I believe that the tag is misplaced. Izady is an important researcher on the Kurds and their history and he has testified before congress on this issue. He gets 66 hits on and 39 on including his own books and numerous citations of his works. He is also the translator of the most important work on Kurdish history Sharafnama into English.Heja Helweda (talk) 00:01, 14 December 2008 (UTC)

Another anti-Kurdish "information"?[edit]

I am not sure what Heja Helweda means by "missplaced tag"...

But it did feel careless that the article begins with the statement that Izady is a nationalist with controversial ideas.

The fotnote number 1 is linked to a website that has nothing on Izady, ie totally irrelevant.

In fact, the second fotnote could very well replace the entire article due to its language, richness of information and at least one quote by Izady.

"Some of Izady´s guesses"? How does one guess in such areas?

Overall, a very poor and and another worryingly angled "Kurdish" article in Wikipedia, there anti-Kurdish forces (nothing necessarily about this one) are in action, as agents of high politics. —Preceding unsigned comment added by RojdaMkurdistani (talkcontribs) 11:23, 19 June 2010 (UTC)

Whatever his political opinions, he is THE scholar on Kurdish and Middle Eastern history, backed up with a whole lot of sources and materials. He knows what he talks about. --Sekterlan (talk) 00:42, 24 April 2013 (UTC)

Continuous unfounded attacks on Izady's pioneering works[edit]

The text on Izady has been augmented by a frivolous and falsified attack by an individual who has gain the status of an "Admin" with Wikipedia, the misguided person has also marred the pages of the internet with his single-minded attack on Kurds as a nation of roots and distinction, and Izady in particular. The individual claims that Kurd as a nation is largely an imaginary idea. That anyone who write in the defense of the Kurdish heritage and history must be an extremist or "nationalist," if not a crook. In the past, he has tried to contact Izady in various ways by assuming false Kurdish identity, but having been caught, has carried his anger into the internet. Unfortunately, he has done the same against his fellow Assyrians, who have rejected him from amongst themselves. See, for example,

This is what he lists in the body of the text on Izady, that the Wikipedia has thankfully remove, because of its clear frivolity and baselessness.

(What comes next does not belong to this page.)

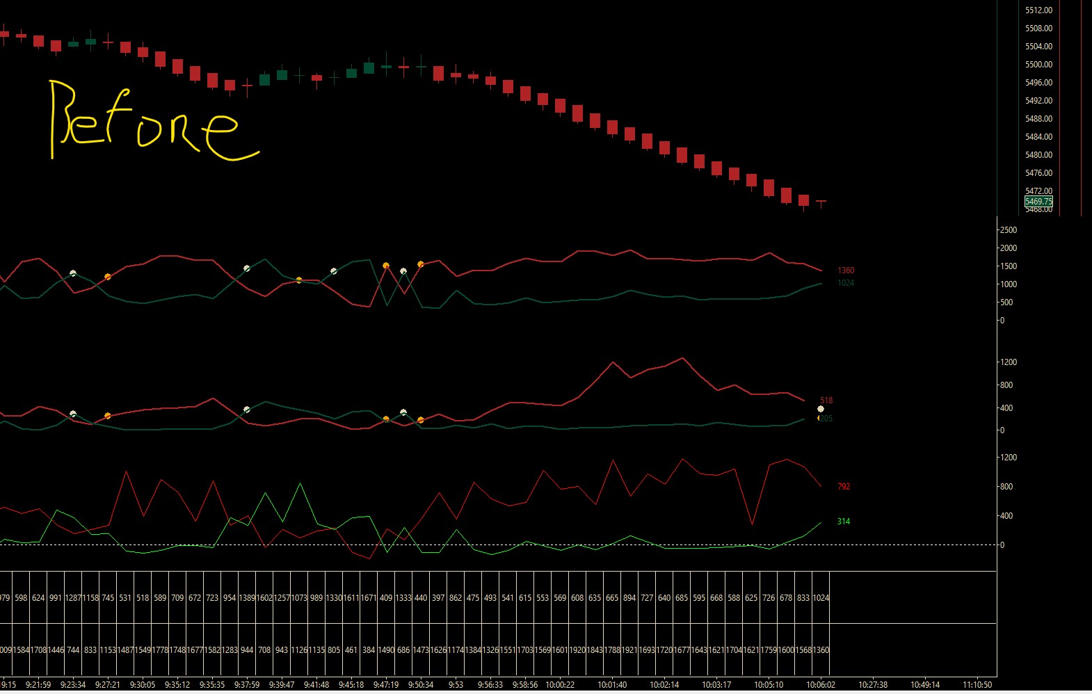 I have a study to track DOM Stacking/Pulling and a study to track DOM Recent Bid Ask. The challenge I have is preserving the DOM data on screen refresh. I am using sc.IsFullRecalculation to not wipe out the subgraphs on a recalc of the chart. However, if for example, I access the Studies window and hit Apply or OK the subgraphs zero out and start over and the previously displayed subgraphs are gone. I have attached a before and after picture of the same chart. Preserving the previously displayed values must be able to be done since a third party study in Region4 does just that. I noticed the Numbers Bars Calculated Values v2 also resets the values. Any ideas anyone? Thanks! Mike

Claims :Some of Izady's (often contentious) claims: 1. Kurds are more precise and detail-oriented than their neighbours.[5]

Response: Why is this statement contentious? South Indian are known for centuries as mathematics-savvy folks who have invented for the world the numerical system we commonly use now-a-days, around the world but misname as “Arabic numerals.” Microsoft and other software developing companies have recently tapped into this tradition of mathematics-oriented society of south India by outsourcing their work to Bangalore and other south Indian locales. The famed mathematical geniuses, Srinivasa Ramanujan and Sivaramakrishna Chandrasekhar were both South Indians. Is it then a racist or ethno-centric remark to state that south Indians are more mathematically savvy than their neighbors? No, it is the statement of a fact born to cultural nature of south Indian societies that cherish and promote knowledge in mathematics. The same cultural phenomenon toward precision is observable among the Kurds. It is not genetic or racial, but cultural.

2. Kurds are religiously fanatical[6], romantic in love, and much eager to become non-Kurdish.[7]

Response: There is no such an assertion of religious fanaticism on p. 189 mentioned by the claimer. However, much mythology and folk stories and songs are provided on p. 189 to establish Kurds as being romantic in love. How is a point of contention?

3. As to Kurds being “much eager to become non-Kurdish,” this is the actual text from p. 189 that the claimer bases his accusations on:

“To become a good politician it has been necessary to leave mother-mountain and de¬scend to the cities of the plains, where politicking is a well-developed craft. When, and if, an expatriate returns to the mountains, he will no longer be trusted wholeheartedly by the common people; it is as if he has lost his virtue by leaving the apron of mother-mountain and living among the crafty plains people. These men always seem eager to tell the Kurds how quickly they can suc¬ceed once they become non-Kurdish in ev¬ery way. Indeed, Kurds living in the plains cities are seldom considered to be Kurds by those living in the highlands, and have not been trusted to be leaders. To know the secrets of the mountains, the passes, rivers, and caves; to know the clans’ customs; and to be brave, are essential characteristics of Kurdish leaders. Often the Kurds living on the plains are perceived as foreign agents, insiders trained to obliterate all that is held dear by the Kurds. Any common Kurd can name a few of these "mercenary, plains-stricken" Kurds, known as the jâsh, “the donkeys,” who mindlessly carry a load of alien agendas and embrace the sinister aims of outsiders wishing to annihilate the Kurdish homeland and people.”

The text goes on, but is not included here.